Jimmy Duncan
Joke of the Day Posted on | January 11, 2007 | No Comments
The Father, passing through his son’s college town late one night on a business trip, thought he would pay a surprise visit to the boy.
Arriving at the fraternity house, he knocked on the door. After several minutes of knocking, a sleepy voice drifted down from a second floor window.
“Whaddya want?”
“Does Jimmy Duncan live here?” asked the father.
“Yeah!” replied the voice. “Dump him on the front porch and we’ll take care of him in the morning.”
Fireman Bill
Joke of the Day Posted on | January 10, 2007 | No Comments
I am retired police officer. The most embarrassing moment of my life happened when I was still on the force.

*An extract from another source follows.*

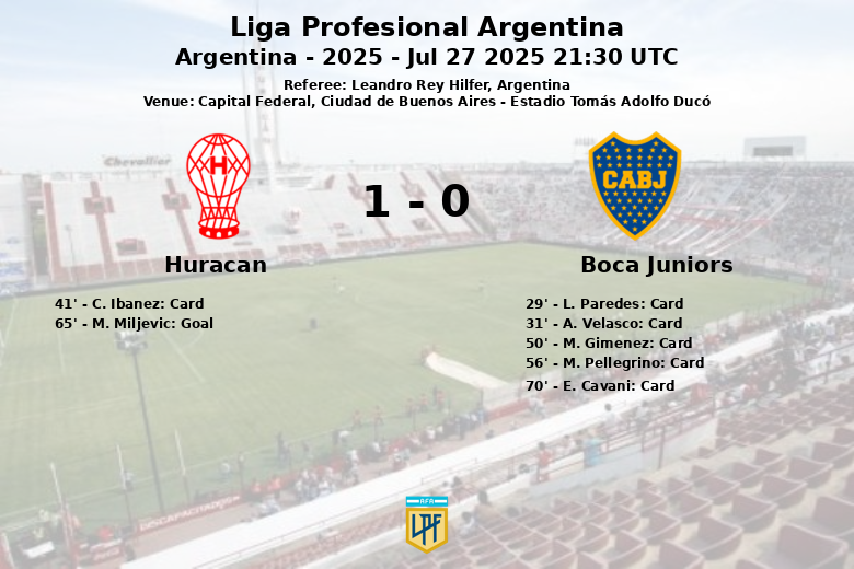 Capital Federal, City of Buenos Aires – In a hard-fought match at the Estadio Tomás Adolfo Ducó, Huracán defeated Boca Juniors on matchday 3 of the Liga Profesional Argentina. The encounter, officiated by Leandro Rey Hilfer, was characterized by a congested midfield and a high number of cautions.

On the weekends, during the early morning day shift, things were always very slow. It was customary for several of the local cops to get together at a local donat shop (where else?) and consume vast amounts of coffee.
One such morning I had had about 5 cups of the brew at the donut store, before I drove to my beat. As you can imagine, I had a call of nature. And it was urgent!
Unfortunately there were no bathrooms nearby, just a closed portion of a freeway that had been under construction for the last 10 years. The location was fairly secluded, out of public view.
There was an opened portion of a full eight-lane freeway overhead. The two opposing sides of that freeway were separated by a large open area, approximately 20 feet wide and 100 feet high. It was impossible for anyone driving up there on the freeway to see anyone down below, so I felt I had the privacy I needed to do “my business.”
I parked my patrol car in the area below the opening, and with great haste I answered the call of nature. I used to take great delight in pretending that a certain part of my anatomy was a “fire hose.” And while I was standind there, relieving myself, I was proud to see I could spray my “hose” a great distance. I was even making sounds, pretending to be a fire truck.
When I was finished, I zipped up and began to walk to my car. I heard a voice yelling: “Officer! Officer!”
I looked around, but couldn’t see anyone in the immediate vicinity. I was puzzled. Again I heard the voice: “Officer! Officer!”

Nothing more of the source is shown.